Размыты не только эпохи, но и миры.
То, что принято называть внутренним миром, и то, что можно назвать улицей,
переливаются друг в друга. И безглазые лица, и отвар, и лихорадка,
и лунный серп — это все и вокруг поэта, и внутри его. И это
у него почти всегда так. В этом как раз его отличие от Маяковского и Гумилева.
Его герой никогда не смотрит на себя со стороны, он всегда то меланхолично, то яростно
распахнут в мир, а мир через «глазницы окон» — вливается в него.
Зеленым горячечным чадом
Вливалась в палату луна —
И мальчика, спящего рядом,
Прозрачно змеившимся ядом
Неслышно одела она.
Или не ядом, вином, и уж тут непонятно, что куда распахнуто и что
во что вливается:
Глазами солнечных зеркал
Весь город освещен,
И голова моя — бокал,
Невыпитый еще.
В этом мире нет ничего мертвого. Душу (или хотя бы тело) обретает
не только флора («Мой слабый звон приветствует и плачет. / Меня
хранят степные ковыли. / — Я здесь стою! / Я не могу иначе. /
Я — колокольчик ветренной земли!»), не только чугунная фауна («Квадрига
грифов дремлет на мосту»), не только дома («В дома, замученные астмой,
/ — Домой, сквозь холод мертвеца»), не только водные магистрали («Бросься,
ветер, в глаза каналам, / Сдуй повсюду седую пыль»), но даже и абстрактные
меры времени: «Наступил, с перегнившим дыханием, / Вислогубый и потненький
час».
Итак, снова о луне. Она, конечно, тоже живая. Птицу видно по полету —
она у него летит. И это, кажется, любимое им изобретение, а не случайная
метафора: «Как узорная тень балкона / От летящей в окне луны»;
«А в окнах моих луна / Летит голубым дельфином». Ее полет измеряет
время: «— Бьют часы! / Полет луны шафранной, / Одиноким, сдерживать не
нам!» Дальше расхождение: «— Лети, луна! Плети свой кокон, / Седая вечность —
шелкопряд!», вариант — «седое время — шелкопряд». Откуда взялся шелкопряд —
понятно: «лунный шелк», а вот вечность ли, время ли — похоже, поэту было
не так важно. Предметы и грезы у него покорно живут по закону вечного
возвращения. «Седая вечность» — сочетание знаменитое. Его прославила Ахматова:
«И даже „вечность поседела“, / Как сказано в одной прекрасной книге»
(«А в книгах я последнюю страницу…», 1943). По одним сведениям, «вечность
поседела» было сказано в одной прекрасной книге «Приключения Тома Сойера»,
а по иным, в другой — «Капитан Фракасс» Готье.
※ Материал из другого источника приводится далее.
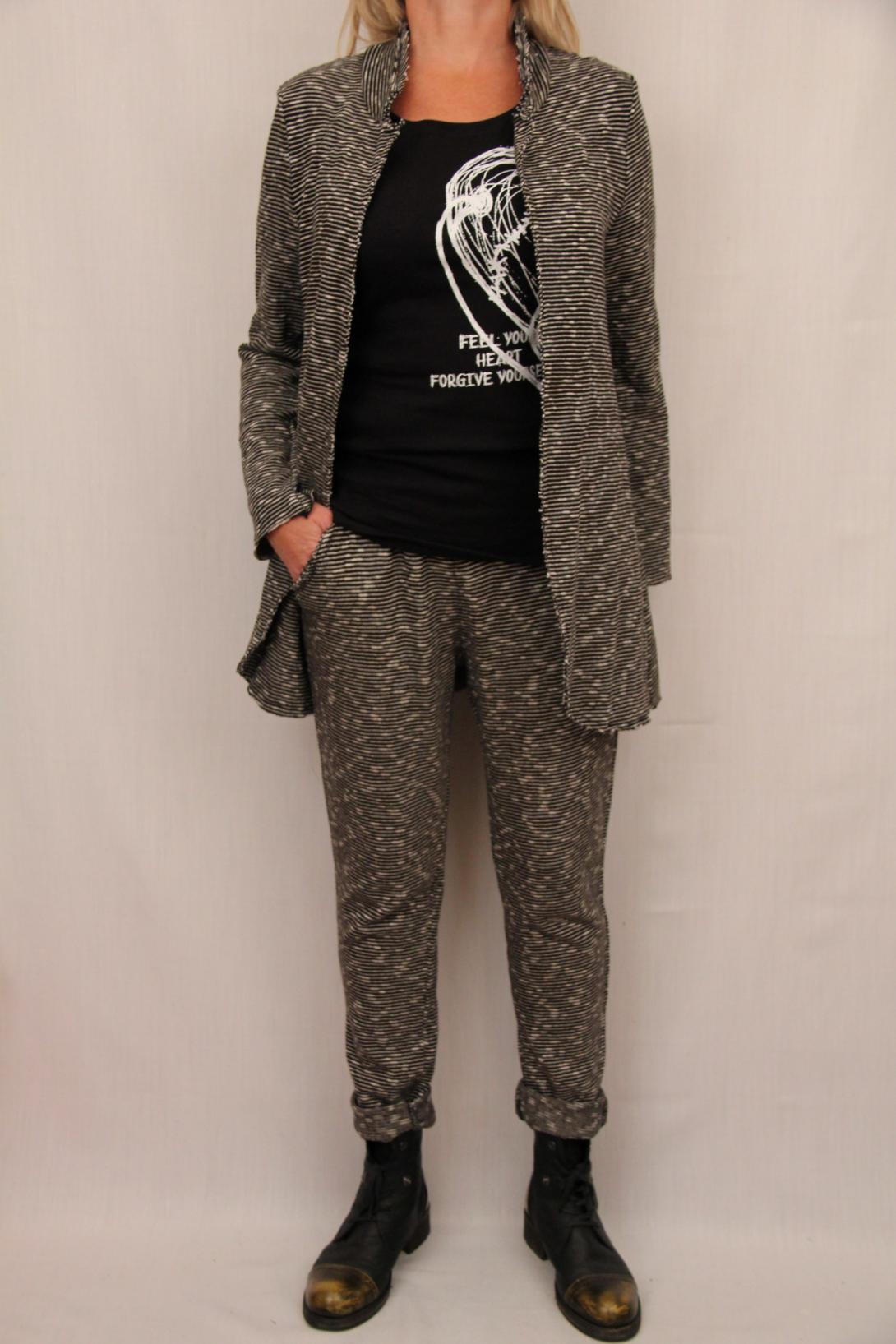 Очень модные меланжевые трикотажные брюки. Брюки комплектуются с пиджаком напоминающий фрак или с мягким трикотажным удлинённым пиджачком из аналогичной ткани от Ит.бренда Please.
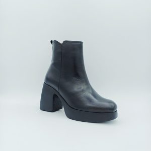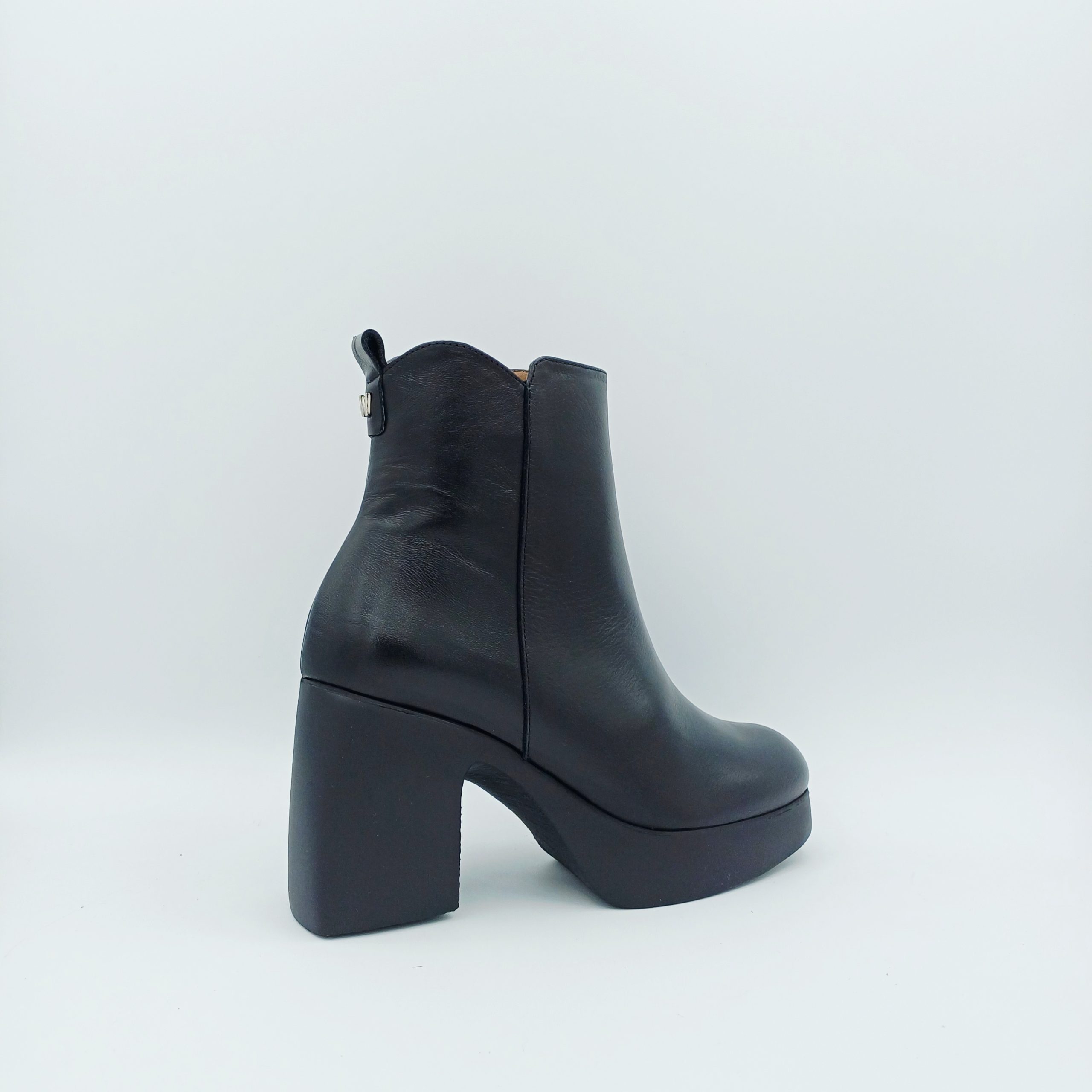 Botín sport en piel negra con tacón ancho y altura media con punta redonda y plataforma de la marca WONDERS.
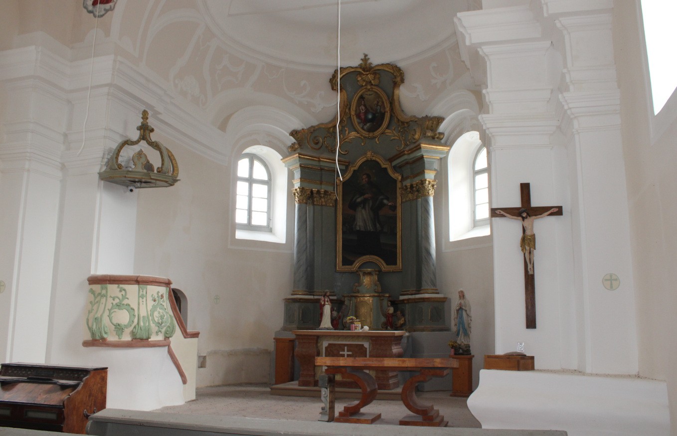 – A templom a késő barokk stílusjegyeit hordozza. Egyhajós, félköríves szentélyű, kétszintes nyugati toronnyal. A templomot hat évvel ezelőtt be kellett zárni, mert veszélyessé vált. Az történt, hogy a nyolcvanas évek elején deszkapadlót helyeztek el benne, s ezt a padlózatot súlyosan megtámadta a könnyező házigomba. Annyira tönkretette, hogy a gombásodás a falakra is kiterjedt, s az egész épületet veszélyeztette.
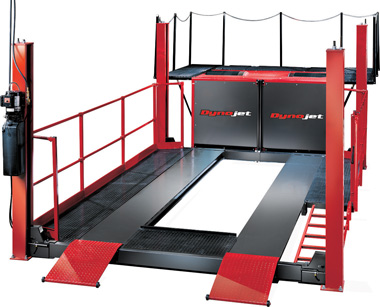 Expanding the Dyno Owner's capabilities, Dynojet has teamed it's industry standard chassis dyno with a 4-post lift. Now you can make changes to exhaust, gears, driveshafts and other drivetrain modifications right on the dyno. This greatly reduces the time in troubleshooting and R&D projects. Best of all, the lift can work separately from the dyno to perform multiple tasks in your garage. The dyno with the lift option is excellent for dyno owner's who lease their building and cannot construct a pit.
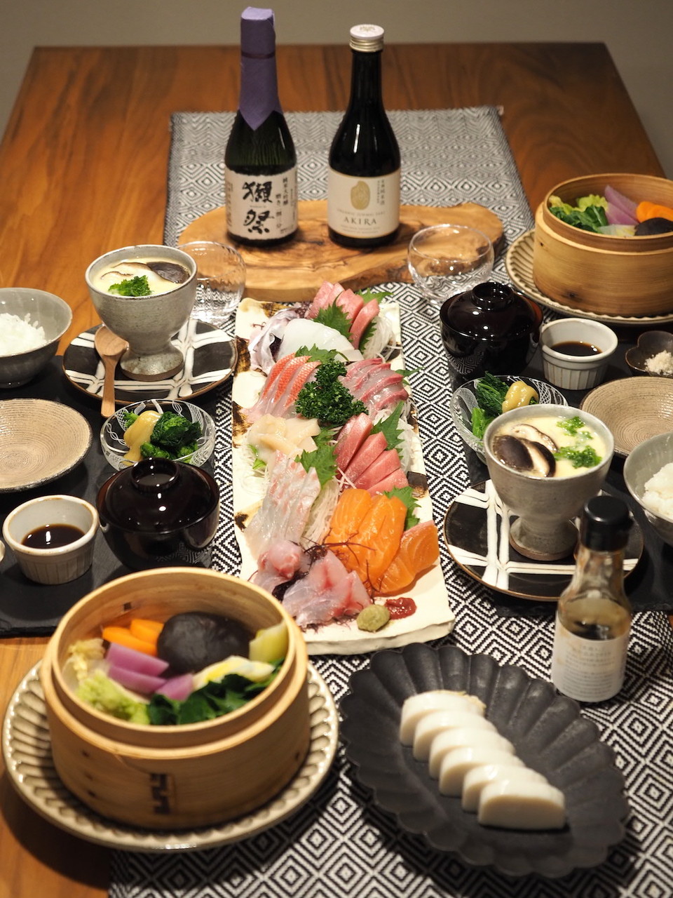 お酒は、頂き物「獺祭」と、りょこさんに買ってもらった「AKIRA」
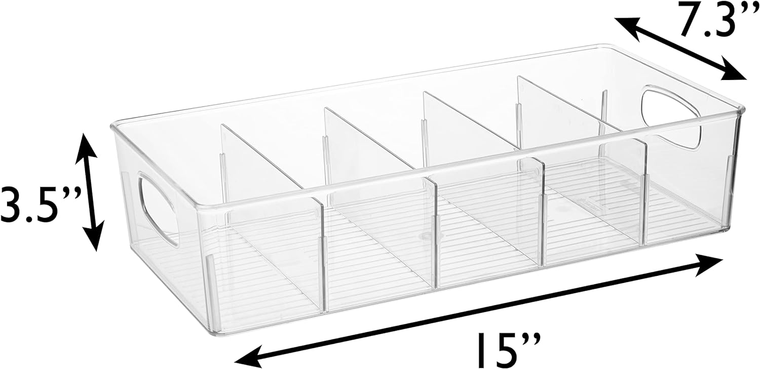ClearSpace Plastic Pantry Organization and Storage Bins with Removable Dividers – 4 Pack XL Perfect Kitchen Organization or Kitchen Storage – Refrigerator Organizer Bins, Cabinet Organizers
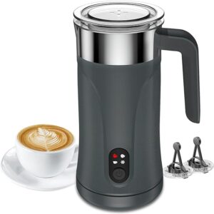 Milk Frother, Ovetedot 4-in-1 Milk Frother and Steamer, Scratch-Resistant Material,10oz Hot & Cold Milk Steamer with Temperature Control, Auto Shut-Off Frother for Latte, Cappuccino, Macchiato(Gray)
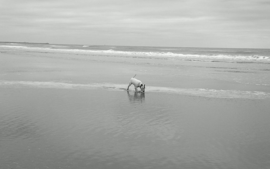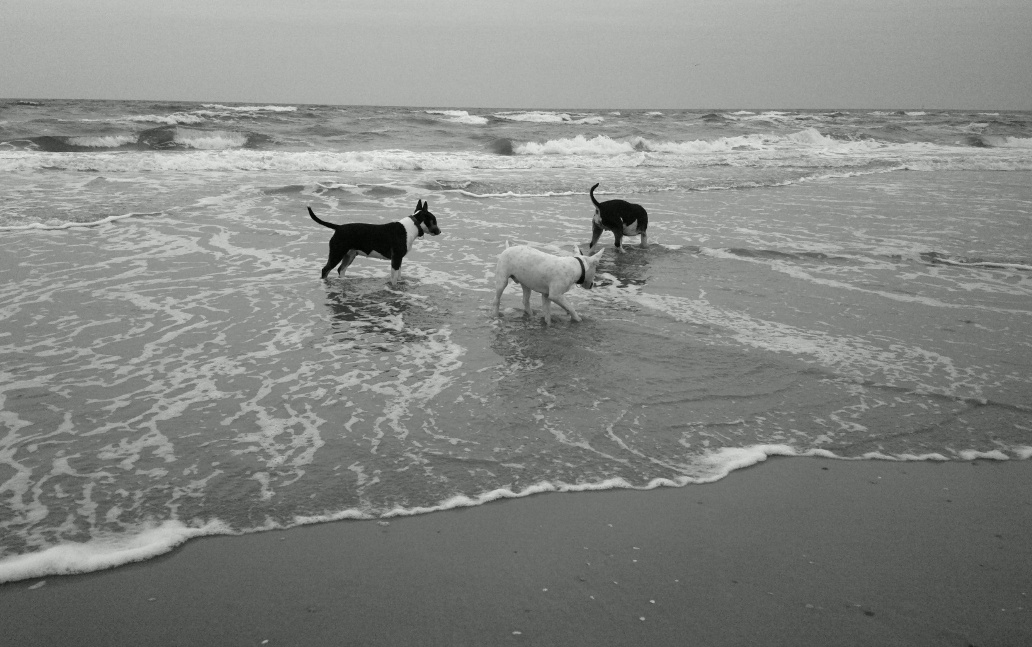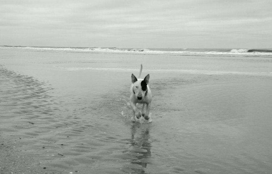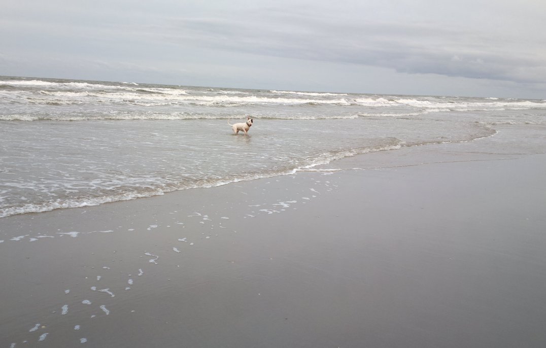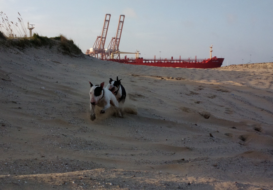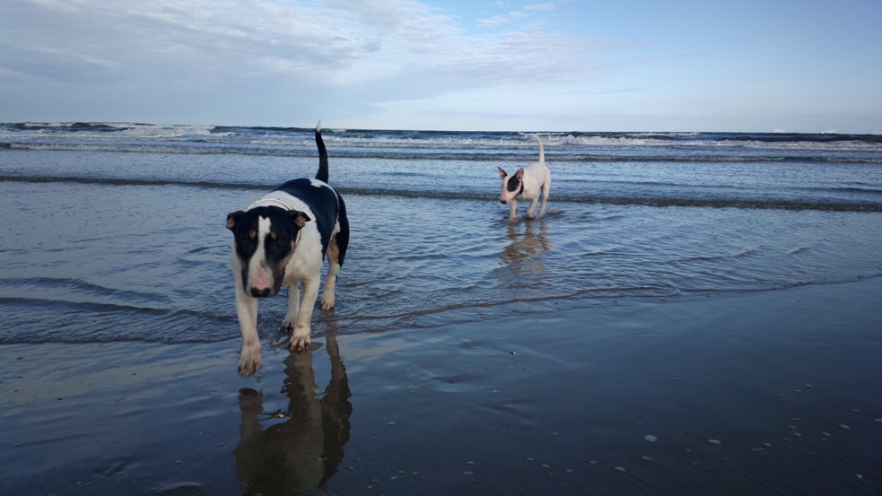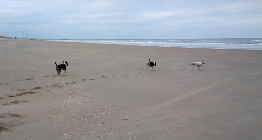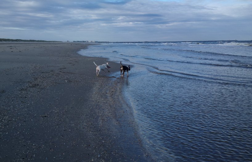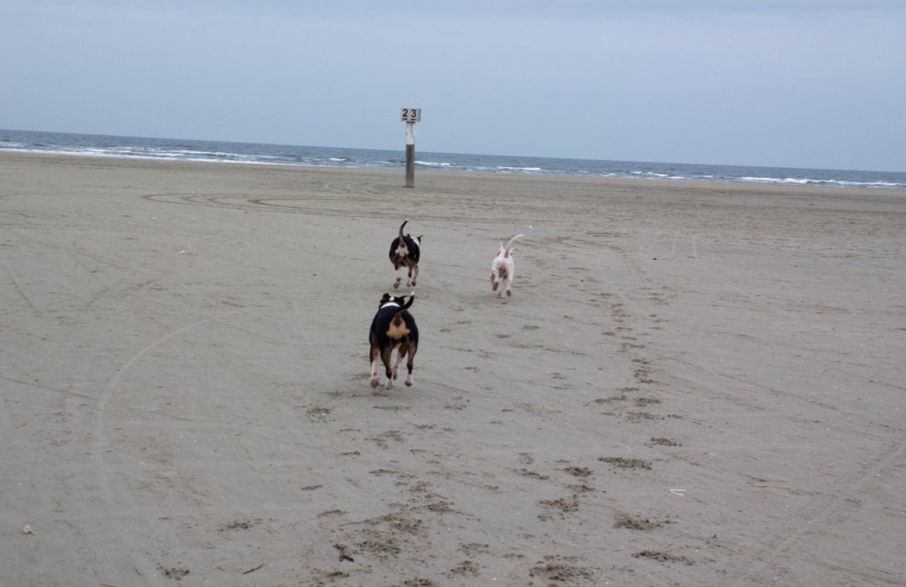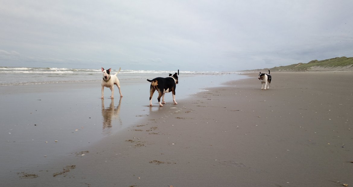 29 oktober 2017: voor het eerst in tijden weer met de hondjes naar het strand in Wijk aan Zee. Stevig briesje, lekker uitwaaien: de BT's waren door het dolle.

И то и другое —
литература мальчишеская, скорее во вкусе Гумилева, чем Ахматовой. Вроде бы Гумилев
даже называл дилогию Марка Твена «Илиадой» и «Одиссеей» детства. Очень большое
искушение сказать, что не наигравшийся в индейцев и пиратов из-за войны
и болезни Роальд Мандельштам, поклонник Гумилева, относился к ним точно
так же. Стихотворения Ахматовой он читать не мог, а вот «Приключения Тома Сойера» и «Капитана Фракасса» не
мог, напротив, не читать.
Кокон шелкопряда как метафора времени или вечности тоже двоится: если
вечность, то нить безлична и бесконечна, а вот если время, то это старое
как мир название судьбы смертного. И снова здесь нет границы между большим
и малым. Собственная нить поэта была весьма тонкой: с детства — астма,
а с войны — костный туберкулез, затем — алкоголь, наркотики. Она,
собственно, и оборвалась довольно рано. Но была еще судьба мира, и тоже
не бесконечная. Ожидание и переживание неминуемой грядущей катастрофы неотделимо
от его стихов. Да, ожиданием катастрофы жил и русский символизм, но он-то дождался.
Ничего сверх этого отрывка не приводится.